Instructions for the task
From the entries below, transcribe exactly the lines between the line holding "Patel’s bespoke shoes" and the line holding "Arshiner Girls 2", inclusive; skip all other lines.

Provided data

════════

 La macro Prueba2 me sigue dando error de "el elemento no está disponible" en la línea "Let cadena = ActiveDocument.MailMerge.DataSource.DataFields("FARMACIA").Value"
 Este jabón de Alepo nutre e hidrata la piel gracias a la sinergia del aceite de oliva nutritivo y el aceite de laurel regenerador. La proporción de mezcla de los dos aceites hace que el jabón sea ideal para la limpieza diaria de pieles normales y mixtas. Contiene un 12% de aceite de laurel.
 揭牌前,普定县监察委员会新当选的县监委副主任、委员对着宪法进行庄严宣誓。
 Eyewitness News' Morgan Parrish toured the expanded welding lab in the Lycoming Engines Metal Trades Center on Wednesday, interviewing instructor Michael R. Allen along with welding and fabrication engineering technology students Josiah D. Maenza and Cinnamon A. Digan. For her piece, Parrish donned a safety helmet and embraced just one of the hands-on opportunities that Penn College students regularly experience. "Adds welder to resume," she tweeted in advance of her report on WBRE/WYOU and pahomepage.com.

════════

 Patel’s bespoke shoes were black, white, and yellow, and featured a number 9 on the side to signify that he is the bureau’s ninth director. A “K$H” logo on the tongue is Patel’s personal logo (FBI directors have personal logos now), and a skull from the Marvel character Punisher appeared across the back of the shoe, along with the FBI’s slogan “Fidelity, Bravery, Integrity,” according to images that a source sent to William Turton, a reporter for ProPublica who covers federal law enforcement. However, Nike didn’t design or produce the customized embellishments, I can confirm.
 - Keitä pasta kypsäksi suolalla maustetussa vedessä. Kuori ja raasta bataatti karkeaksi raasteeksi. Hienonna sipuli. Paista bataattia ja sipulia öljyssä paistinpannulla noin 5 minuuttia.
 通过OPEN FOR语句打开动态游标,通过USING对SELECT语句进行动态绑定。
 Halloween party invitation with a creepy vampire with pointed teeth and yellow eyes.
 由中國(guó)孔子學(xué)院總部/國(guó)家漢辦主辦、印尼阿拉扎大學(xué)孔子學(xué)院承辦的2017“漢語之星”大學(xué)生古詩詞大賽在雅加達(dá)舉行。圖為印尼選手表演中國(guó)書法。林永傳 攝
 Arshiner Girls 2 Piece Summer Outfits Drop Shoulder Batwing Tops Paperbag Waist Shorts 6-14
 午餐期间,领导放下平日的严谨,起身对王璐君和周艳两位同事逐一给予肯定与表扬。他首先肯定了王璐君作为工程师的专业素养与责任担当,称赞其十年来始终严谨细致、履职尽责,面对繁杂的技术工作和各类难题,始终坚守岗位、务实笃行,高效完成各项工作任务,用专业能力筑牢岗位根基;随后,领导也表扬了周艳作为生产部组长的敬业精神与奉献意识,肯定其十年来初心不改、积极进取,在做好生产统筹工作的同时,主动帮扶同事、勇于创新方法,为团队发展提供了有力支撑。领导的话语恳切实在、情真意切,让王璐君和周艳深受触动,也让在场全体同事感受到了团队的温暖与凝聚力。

════════

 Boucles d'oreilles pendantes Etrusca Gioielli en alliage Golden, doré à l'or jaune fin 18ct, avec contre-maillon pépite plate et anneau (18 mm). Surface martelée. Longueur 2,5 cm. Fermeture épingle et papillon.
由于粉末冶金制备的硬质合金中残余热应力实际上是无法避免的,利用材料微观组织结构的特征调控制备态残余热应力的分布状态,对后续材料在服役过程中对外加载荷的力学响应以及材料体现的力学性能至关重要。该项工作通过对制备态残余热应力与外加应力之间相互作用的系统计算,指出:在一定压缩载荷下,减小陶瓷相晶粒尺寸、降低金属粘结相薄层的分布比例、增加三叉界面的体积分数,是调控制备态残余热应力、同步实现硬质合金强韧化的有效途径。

════════

Task result
 Patel’s bespoke shoes were black, white, and yellow, and featured a number 9 on the side to signify that he is the bureau’s ninth director. A “K$H” logo on the tongue is Patel’s personal logo (FBI directors have personal logos now), and a skull from the Marvel character Punisher appeared across the back of the shoe, along with the FBI’s slogan “Fidelity, Bravery, Integrity,” according to images that a source sent to William Turton, a reporter for ProPublica who covers federal law enforcement. However, Nike didn’t design or produce the customized embellishments, I can confirm.
 - Keitä pasta kypsäksi suolalla maustetussa vedessä. Kuori ja raasta bataatti karkeaksi raasteeksi. Hienonna sipuli. Paista bataattia ja sipulia öljyssä paistinpannulla noin 5 minuuttia.
 通过OPEN FOR语句打开动态游标,通过USING对SELECT语句进行动态绑定。
 Halloween party invitation with a creepy vampire with pointed teeth and yellow eyes.
 由中國(guó)孔子學(xué)院總部/國(guó)家漢辦主辦、印尼阿拉扎大學(xué)孔子學(xué)院承辦的2017“漢語之星”大學(xué)生古詩詞大賽在雅加達(dá)舉行。圖為印尼選手表演中國(guó)書法。林永傳 攝
 Arshiner Girls 2 Piece Summer Outfits Drop Shoulder Batwing Tops Paperbag Waist Shorts 6-14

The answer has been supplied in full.